Fixing a multiple warning "unknown column"

I have a persistent multiple warning of "unknown column" for all types of commands (e.g., str(x) to installing updates on packages), and not sure how to debug this or fix it.

The warning "unknown column" is clearly related to a variable in a tbl_df that I renamed, but the warning comes up in all kinds of commands seemingly unrelated to the tbl_df (e.g., installing updates on a package, str(x) where x is simply a character vector).

Answers


Update: This issue was partially fixed at this commit in RStudio v1.1.103 or later by @kevin-ushey. It still appears (albeit with less frequency).

This is an issue with the Diagnostics tool in RStudio (the tool that shows warnings and possible mistakes in your code).

https://support.rstudio.com/hc/en-us/community/posts/115001180488-Diagnostics-and-tibble-warning

As a workaround you can add at the beginning of the opened file(s):

# !diagnostics off

Then save the files and the warnings should stop appearing.

You can also just disable the diagnostics in Preferences/Code/Diagnostics.

I believe the warnings appear because the diagnostics tool in RStudio parses the source code to detect errors and when it performs the diagnostic checks it accesses columns in your tibble that are not initialized, giving the Warning we see. The warnings do not appear because you run unrelated things, they appear when the RStudio diagnostics are executed (when a file is saved, then modified, when you run something...).


I have been encountering the same problem, and although I don't know why it occurs, I have been able to pin down when it occurs, and thus prevent it from happening.

The issue seems to be with adding in a new column, derived from indexing, in a base R data frame vs. in a tibble data frame. Take this example, where you add a new column (age) to a base R data frame:

base_df <- data.frame(id = c(1:3), name = c("mary", "jill","steve"))

base_df$age[base_df$name == "mary"] <- 47

That works without returning a warning. But when the same is done with a tibble, it throws a warning (and consequently, I think causing the weird, seemingly unprovoked, multiple warning issue):

library(tibble)

tibble_df <- tibble(id = c(1:3), name = c("mary", "jill","steve"))

tibble_df$age[tibble_df$name == "mary"] <- 47

Warning message:
Unknown column 'age' 

There are surely better ways of avoiding this, but I have found that first creating a vector of NAs does the job:

tibble_df$age <- NA

tibble_df$age[tibble_df$name == "mary"] <- 47

I have faced this issue when using the "dplyr" package. For those facing this problem after using the "group_by" function in the "dplyr" library:

I have found that ungrouping the variables solves the unknown column warning problem. Sometimes I have had to iterate through the ungrouping several times until the problem is resolved.

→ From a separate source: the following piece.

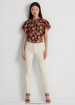 virágos ráncos georgette nyakkendős blúz 2680483804 nők Ralph Lauren barna/narancs/tejszín

Converting the class into data.frame solved the problem for me:

library(dplyr)
df <- data.frame(id = c(1,1:3), name = c("mary", "jo", "jill","steve"))
dfTbl <- df %>%
  group_by(id) %>%
  summarize (n = n())
class(dfTbl) # [1] "tbl_df"     "tbl"        "data.frame"
dfTbl = as.data.frame(dfTbl)
class(dfTbl) # [1] "data.frame"

Borrowed the partial script from @adts


I ran into this problem too except through a tibble created using a dyplyr block. Here's slight modification of sabre's code to show how I came to the same error.

library(dplyr)

df <- data.frame(id = c(1,1:3), name = c("mary", "jo", "jill","steve"))

t <- df %>%
  group_by(id) %>%
  summarize (n = n())

t
str(t)


t$newvar[t$id==1] <- 0

Let's say I wanted to select the following column(s)

best.columns = 'id'

For me the following gave the warning:

df%>% select_(one_of(best.columns))

While this worked as expected, although, as far as I know dplyr, this should be identical.

df%>% select_(.dots = best.columns)

I had this problem when dealing with tibble and lapply functions together. The tibble seemed to save things as a list inside the dataframe.

I solved it by using unlist before adding the results of an lapply function to the tibble.